Wrong Twice In One Paragraph

Here is an example of someone crediting Smith with something he did not invent, nor claim that he did, and at the same time crediting somebody else with something Smith did write 90 years before. This comes from dim memories of Economics 101 or an edition of 'Bluff Your Way Through Classical Economics'. Either way it is poor journalism.

"Water of life" in The Telegraph (London) 29 July

'It was Adam Smith who spotted the paradox. "Nothing is more useful than water; but it will purchase scarce anything." Neo-classical economists developed his argument, noting that a man wandering the desert with a sack of diamonds would gladly exchange them all for a jug of water. Now, in a sweltering Tube carriage, their theory has come to life. "Mugged for a 40p bottle of water", said the headlines. To which our first reaction is, of course, shocked disbelief. Only 40p for a bottle of water?'

Of the many contributions that Adam Smith made to political economy, moral philosophy and jurisprudence, the ‘paradox of value’, he illustrated with water and diamonds, was not original to him and he was not the first to spot this paradox by millennia: cf: Plato (Euthydemus 304B).

As a student in Glasgow College (university) between 1737-40, he attended Francis Hutcheson’s lectures, which included the economics of the water-diamond paradox, and he read of the paradox in Samuel Pufendorf (De Jure Naturae et Gentium, 1672), a standard text in the moral philosophy class. Bernard Mandeville (Fable of the Bees, 1724) also includes the paradox of price and utility as affected by scarcity and plenty. And Ricard Cantillon mentions something similar about a pitcher of water from the Seine in Paris costing nothing, but the labour of collecting costing a sous (Essai Sur La Nature du Commerce in General, 1734). John Law, Money and Trade Considered, 1705, noted the water-diamond paradox.

Neo-classical economists who developed the water-diamond paradox had the benefit of marginal utility theory (1870s), but they were not original in noting how a thirsty man in a desert would pay much more for a glass of water than a professor in Glasgow walking to class through the rain.

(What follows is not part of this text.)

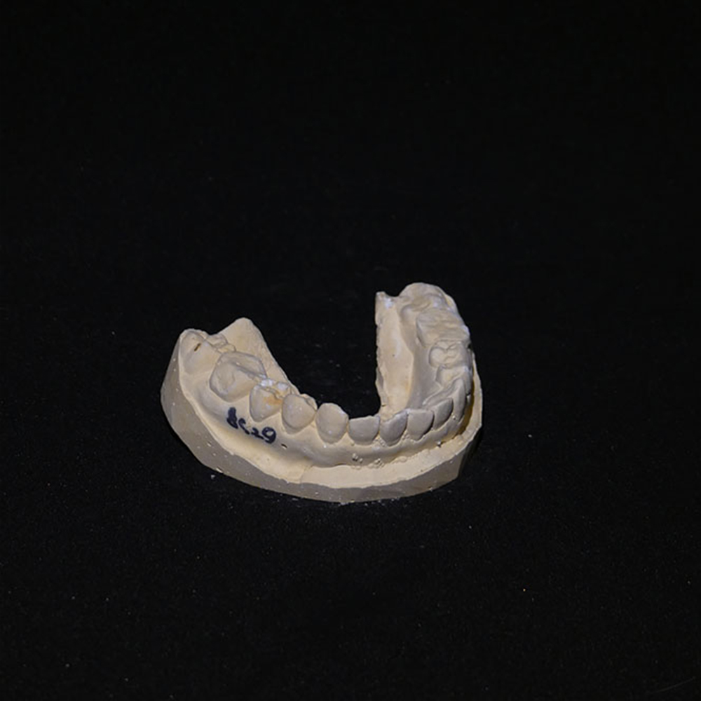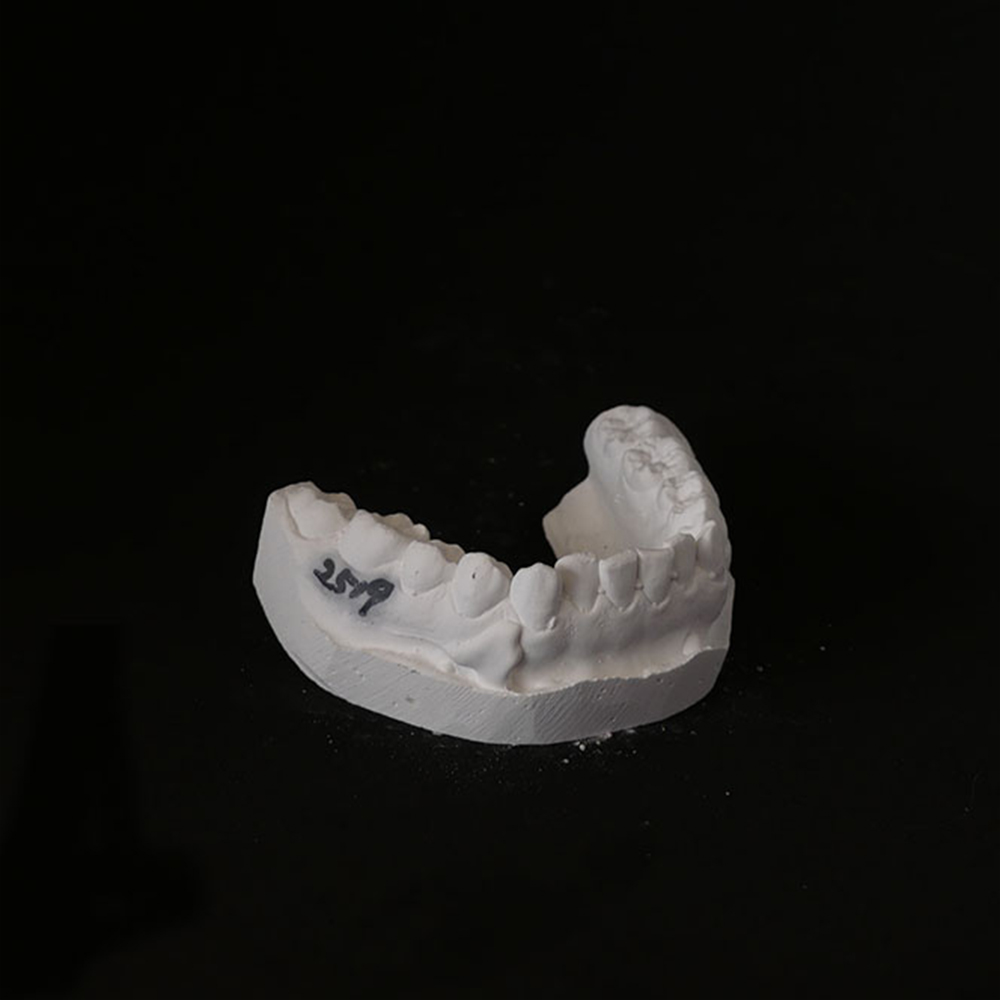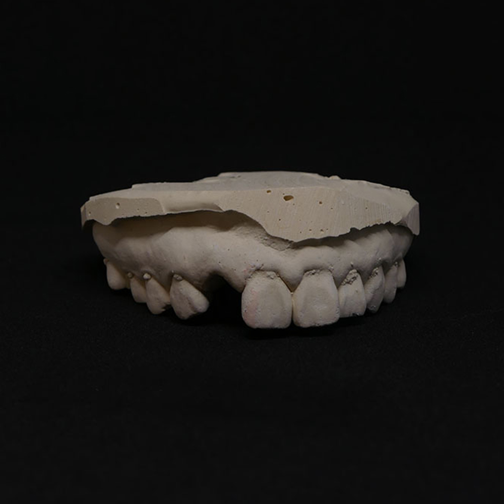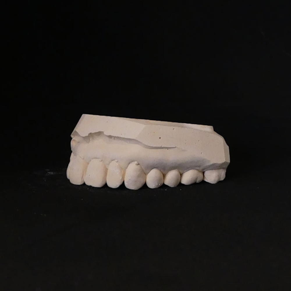 歯科助手のアルバイトをしていた時に歯医者のゴミ箱から知らない人の歯が複製された模型を拾い、それをまた写真という形で新たに複製する。それに対して映像作品では、動画では模型を使って歯の被せ物が作られる工程が一つ一つ見せられていく。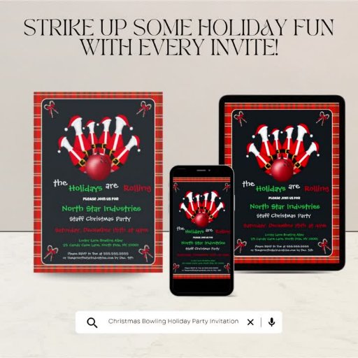 Diese festliche Weihnachts-Bowling-Party-Einladung zeigt Santa-motivierte Bowling-Pins und einen leuchtend roten Weihnachts-Bowlingball vor einem fröhlichen Weihnachts-Karomuster-Hintergrund - das perfekte Design, um saisonale Freude und Party-Stimmung zu verbreiten.

This was one of Smith’s illustrations in his lectures in 1752-64, in which he tells the story of a merchant in the ‘deserts of Arabia’ who gave ’10,000 crowns for one cruise of water’ (Smith, Lectures in Jurisprudence, 5 April, 1763: Liberty Fund, 1982: p 358; a version in Lecture ‘B’, edited by Edwin Cannan, was available from 1895, and the Lecture ‘A’ series from 1958).